Larry Rosen was the attending on call, and he already had his anesthesia resident’s ear when Gianni came in.

“Anthony, we meet again.”

“Hello, Larry. Sorry to have to be the one to drag you in here tonight.”

“No big deal, if it wasn’t you it would have been someone with some bogus emergency. Like the patient who’s been lying around the hospital for three days and suddenly becomes an emergency when the surgeon is done with his office schedule. You know how it goes. But I saw your guy and he clearly needs some attention.”

They reassembled in the OR suite. Rosen was talking non-stop to the resident. He was an effective teacher, actually. On the OR table, the patient had already been anesthetized and an endotracheal tube placed through his nose. The injury had filleted his face open from a point above the right ear and extending down below the jaw. The internal part of the wound looked like a piece of raw steak, bright red against the dark complexion of the patient’s skin.

Gianni then began to quiz his own understudy. “Okay Matt, what’s the pertinent anatomy here, what are we worried about?”

“Well, I checked the facial nerve and it looks like all of the five branches on the face are grossly intact.”

“After we’re scrubbed you can recite for me the course of the facial nerve from its origin on out to the terminal branches, including
all of the branches.”

“You mean the five on the face?”

“I mean those five plus the six before those.
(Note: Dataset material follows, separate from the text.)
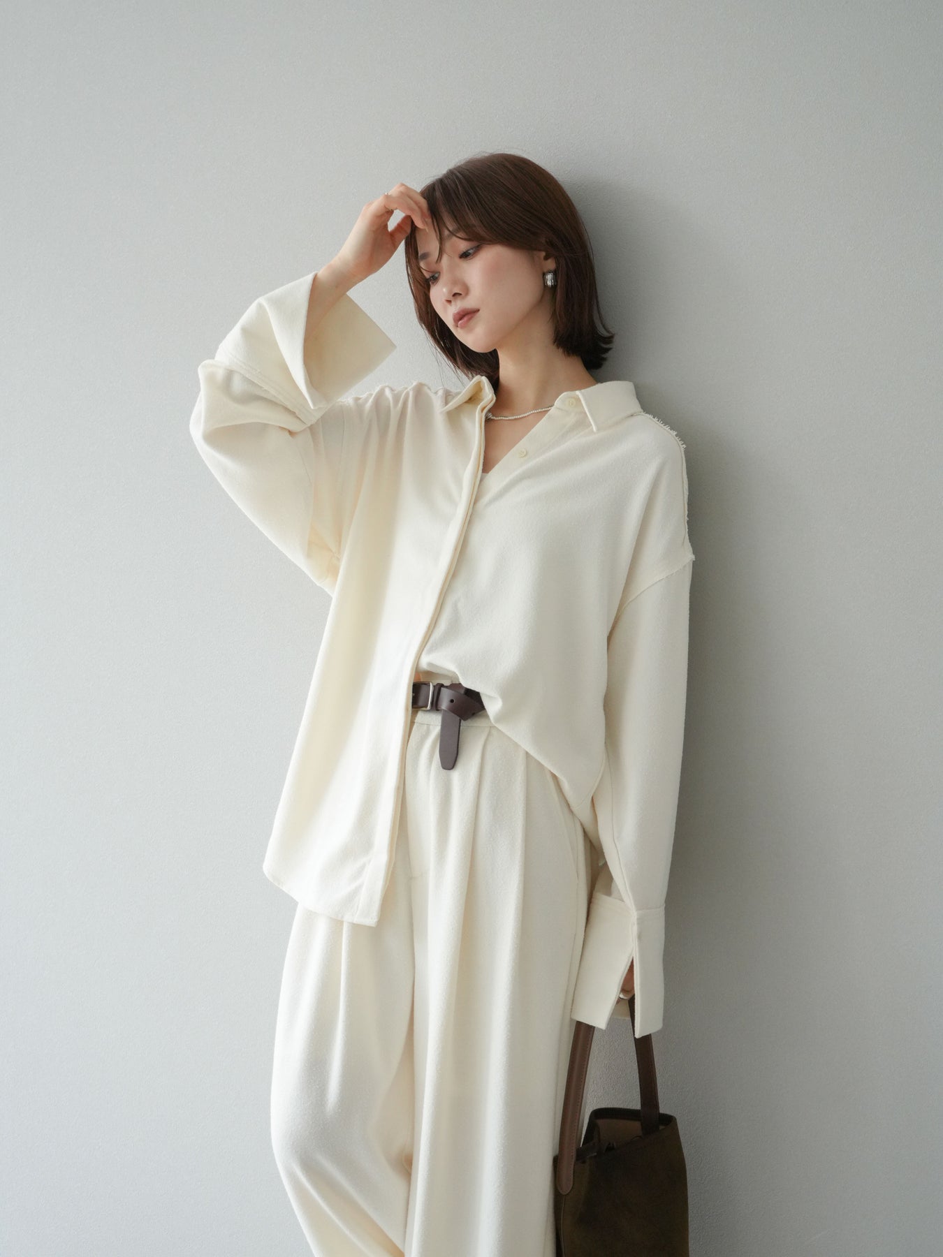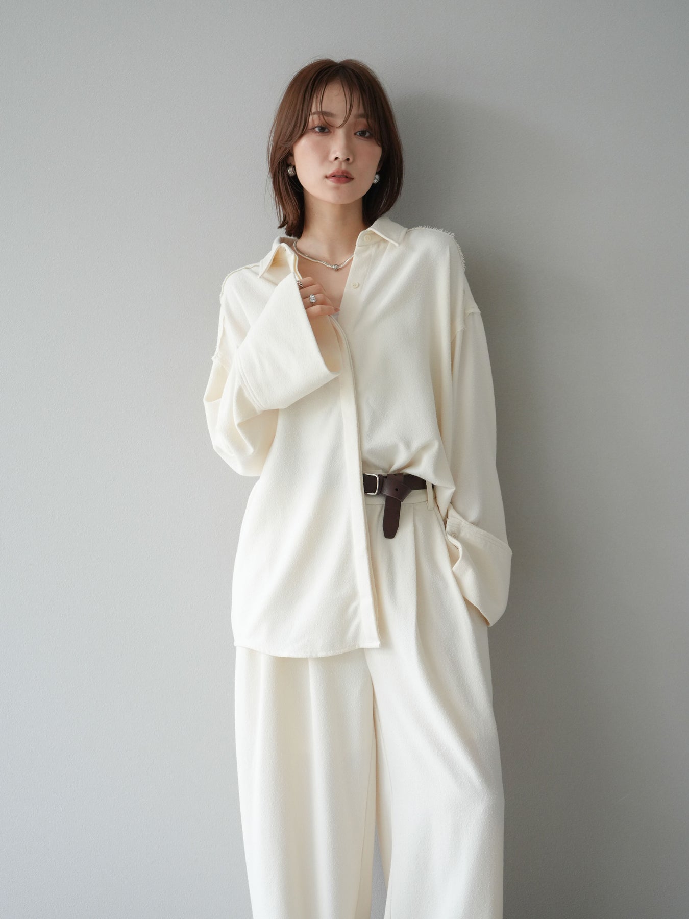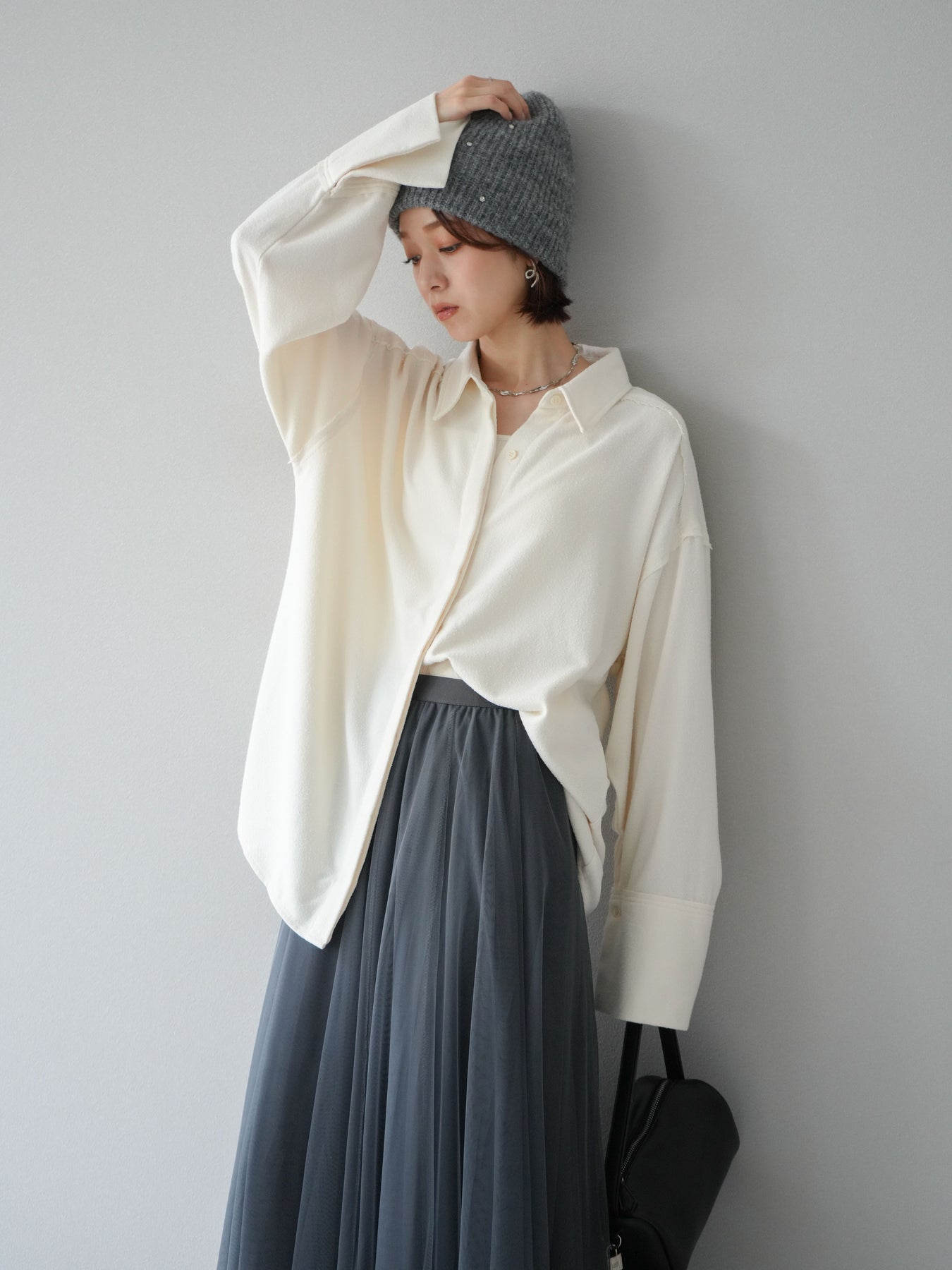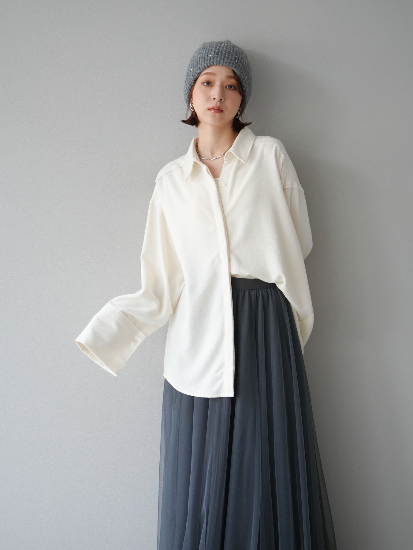 ナチュラルな風合いが魅力のネップ素材を使用したオーバーシャツ。独特の凹凸感が表情を生み、シンプルながらもこなれた印象に仕上がります。ゆったりとしたシルエットとドロップショルダーが抜け感を演出し、リラックスした着心地を叶える一枚。前後差のある着丈でボトムスとのバランスが取りやすく、羽織りとしてもトップスとしても活躍します。パンツスタイルでシャープにまとめても、スカートと合わせて柔らかさをプラスしても様になる万能なアイテムです。 ※ボトムス、キャミソール(インナー)以外の商品は一律でインナーは付属していません。

Why don’t you think about that.”

“Um, okay.”

“And what else are we concerned about here, Dr. Kantor?”

“The parotid duct.”

“Do you think it got cut?”

“I’m not sure. I thought we’d look under better lighting in the OR.”

“All right,” Gianni said. “Go ahead and scrub, he’s intubated already and I want to get a photograph or two for the record.” He snapped three photographs of the wound, then joined Kantor in the scrub room. In the OR, they prepared and draped the patient for the procedure. Kantor asked for some music.

“Is it okay if I play one of mine, Dr. Gianni?”

“It’ll probably keep me awake, at least.”

“Can we put in that Bon Jovi tape?” Kantor asked the circulating nurse.

“Believe it or not, I have a Bon Jovi album myself,” Gianni said.

The music began to play:

Why you wanna to tell me how to run my life!

“Great song,” Kantor said.

“Figures,” Gianni said.

Who are you to tell me if it’s black or white!

“So where do you want to start, Matt?”

“With the jaw fracture, inside to out. Right?”

“That’s fine. We should be able to get enough exposure to place a small plate right through the wound.”

He began a careful blunt dissection, cut through the masseter muscle and aligned the bone fragments. Gianni adapted and secured a small bone plate to fix the broken fragments together.

“Now how about that parotid duct, Matt?”